• TO DO: All lines in the records below from the line with "In the heart" through the line with "BLUE AND WHITE 'EIGHT IMMORTALS' BOWL" are to be given again exactly, both ends included; the pictures are to be left out.

SUPPLIED MATERIAL START

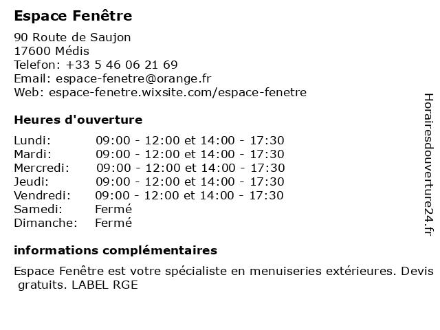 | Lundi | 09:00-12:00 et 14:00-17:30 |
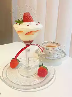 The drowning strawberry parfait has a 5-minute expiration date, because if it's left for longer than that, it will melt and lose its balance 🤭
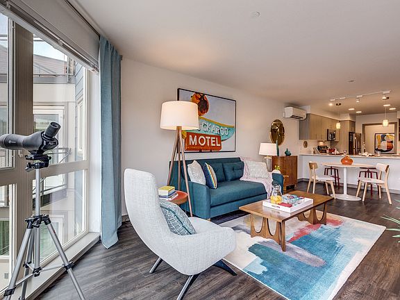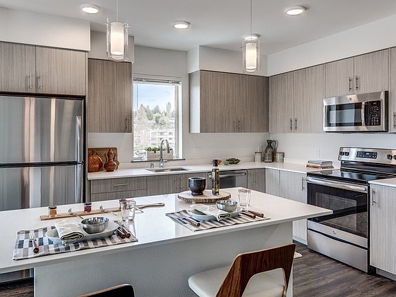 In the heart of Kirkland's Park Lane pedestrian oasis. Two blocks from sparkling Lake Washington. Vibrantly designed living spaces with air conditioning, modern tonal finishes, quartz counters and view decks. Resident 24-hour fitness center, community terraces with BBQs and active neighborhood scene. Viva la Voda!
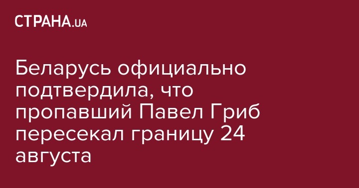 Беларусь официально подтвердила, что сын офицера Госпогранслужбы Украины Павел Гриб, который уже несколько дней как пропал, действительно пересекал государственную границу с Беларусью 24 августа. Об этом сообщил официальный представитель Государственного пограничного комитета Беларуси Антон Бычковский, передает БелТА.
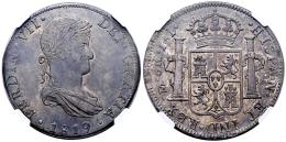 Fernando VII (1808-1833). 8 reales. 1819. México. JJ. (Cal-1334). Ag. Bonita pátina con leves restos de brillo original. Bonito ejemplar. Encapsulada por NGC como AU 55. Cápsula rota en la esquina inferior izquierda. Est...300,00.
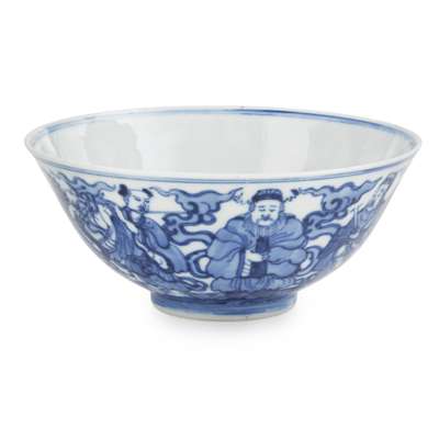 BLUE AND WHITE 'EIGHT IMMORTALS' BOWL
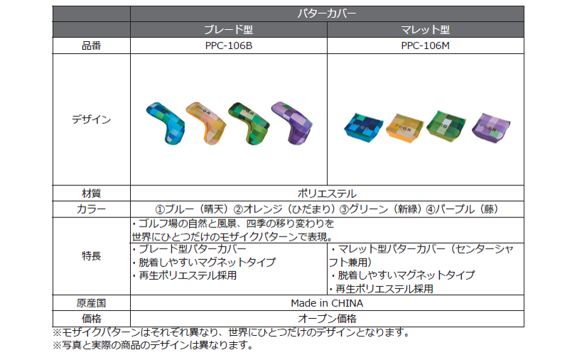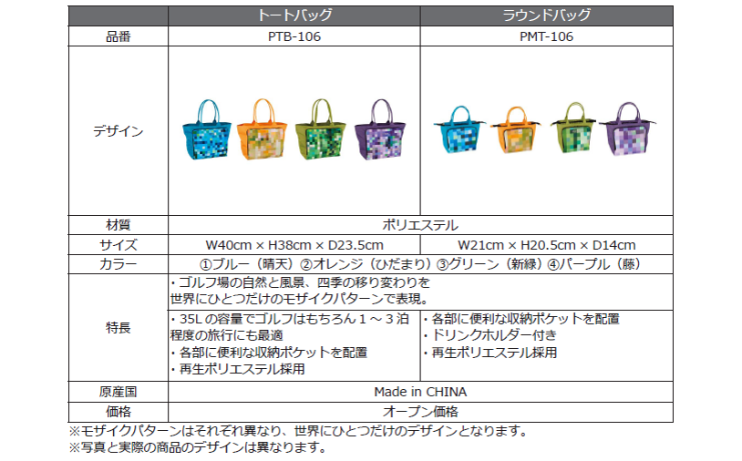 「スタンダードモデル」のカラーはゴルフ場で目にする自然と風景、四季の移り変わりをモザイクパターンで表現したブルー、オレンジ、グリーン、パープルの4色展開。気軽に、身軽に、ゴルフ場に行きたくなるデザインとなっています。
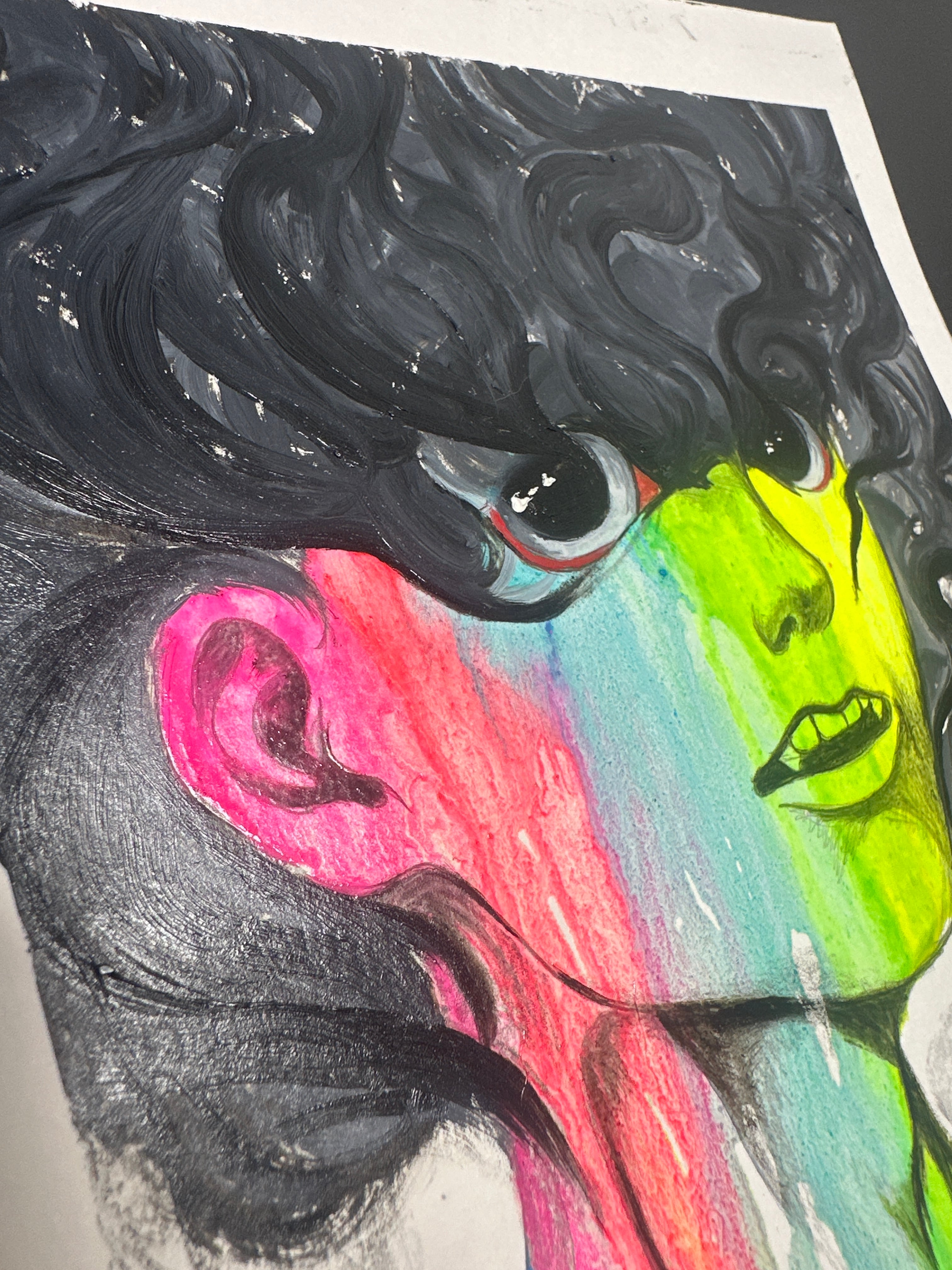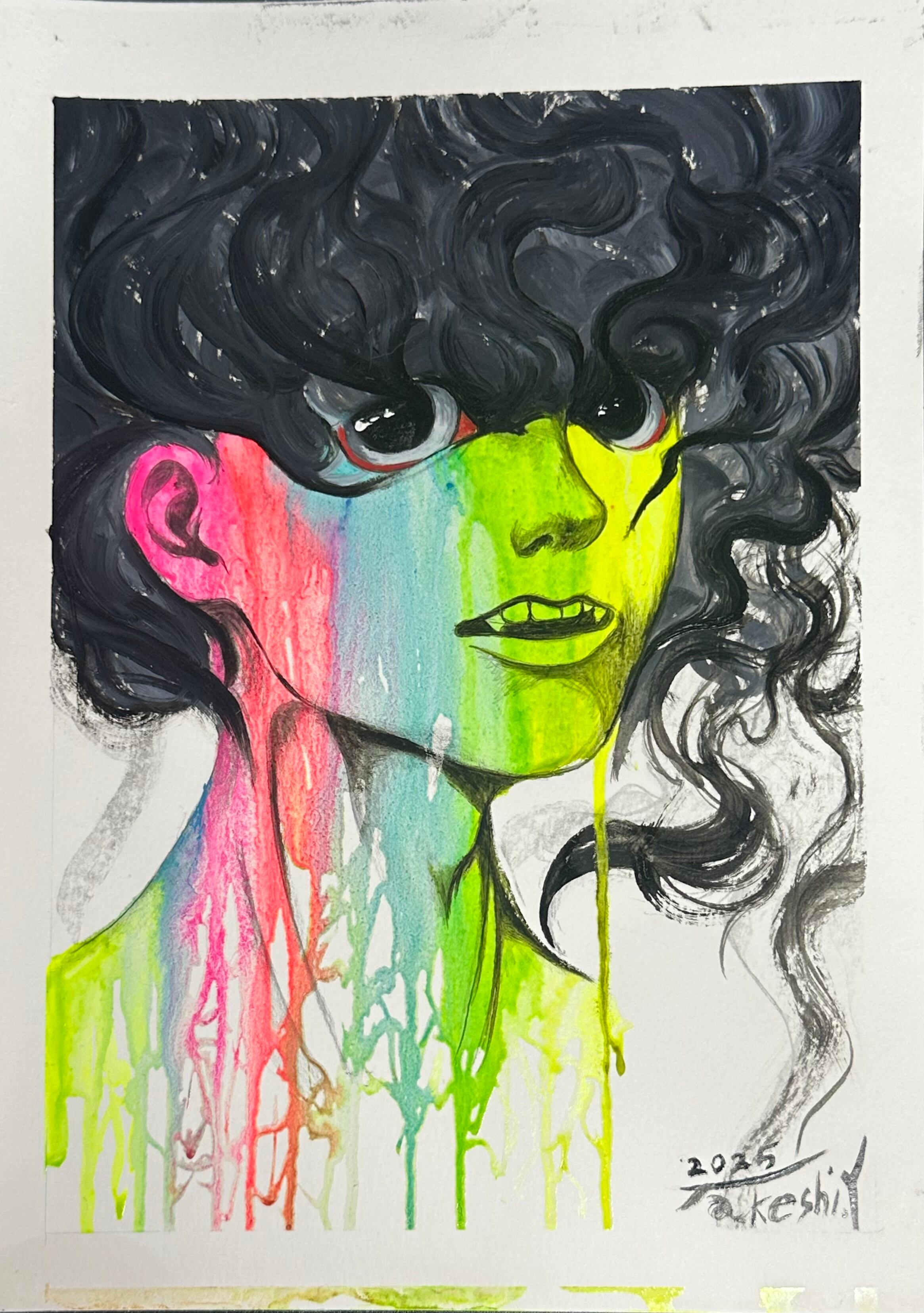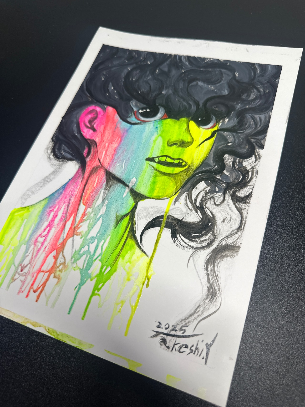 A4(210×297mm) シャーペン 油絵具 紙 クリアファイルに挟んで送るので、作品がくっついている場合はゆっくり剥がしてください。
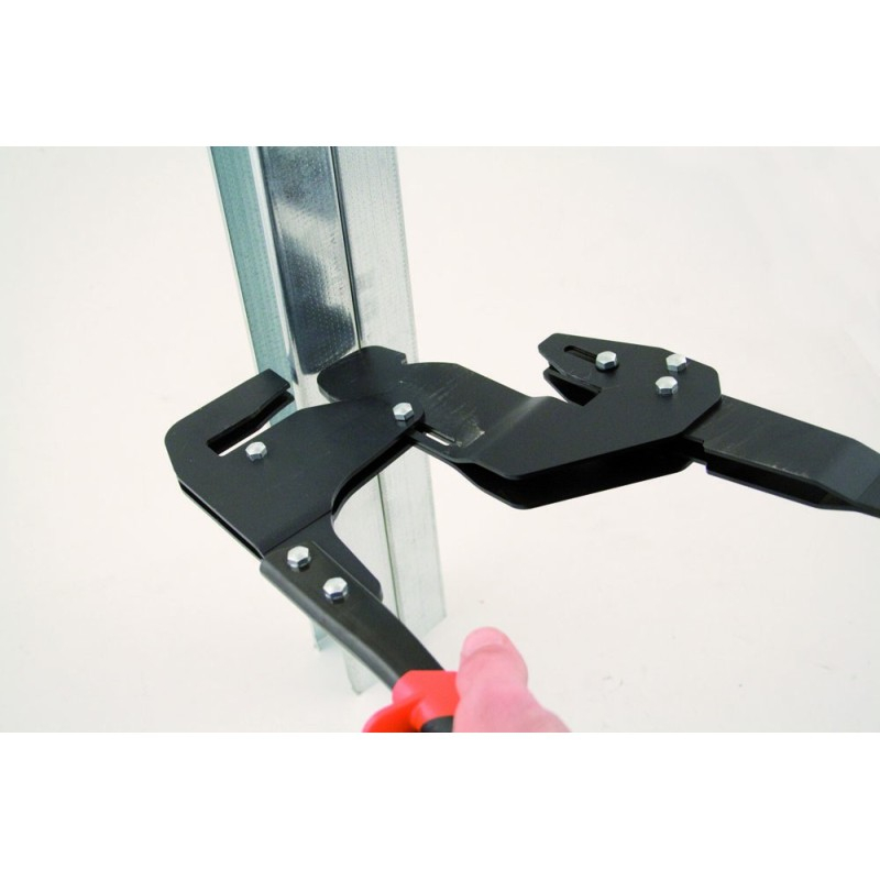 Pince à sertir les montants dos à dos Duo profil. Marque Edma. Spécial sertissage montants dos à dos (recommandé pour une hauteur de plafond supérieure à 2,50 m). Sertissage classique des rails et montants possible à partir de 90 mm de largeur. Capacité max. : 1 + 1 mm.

SUPPLIED MATERIAL END

• RESPONSE TO THIS EXERCISE:
 In the heart of Kirkland's Park Lane pedestrian oasis. Two blocks from sparkling Lake Washington. Vibrantly designed living spaces with air conditioning, modern tonal finishes, quartz counters and view decks. Resident 24-hour fitness center, community terraces with BBQs and active neighborhood scene. Viva la Voda!
 Беларусь официально подтвердила, что сын офицера Госпогранслужбы Украины Павел Гриб, который уже несколько дней как пропал, действительно пересекал государственную границу с Беларусью 24 августа. Об этом сообщил официальный представитель Государственного пограничного комитета Беларуси Антон Бычковский, передает БелТА.
 Fernando VII (1808-1833). 8 reales. 1819. México. JJ. (Cal-1334). Ag. Bonita pátina con leves restos de brillo original. Bonito ejemplar. Encapsulada por NGC como AU 55. Cápsula rota en la esquina inferior izquierda. Est...300,00.
 BLUE AND WHITE 'EIGHT IMMORTALS' BOWL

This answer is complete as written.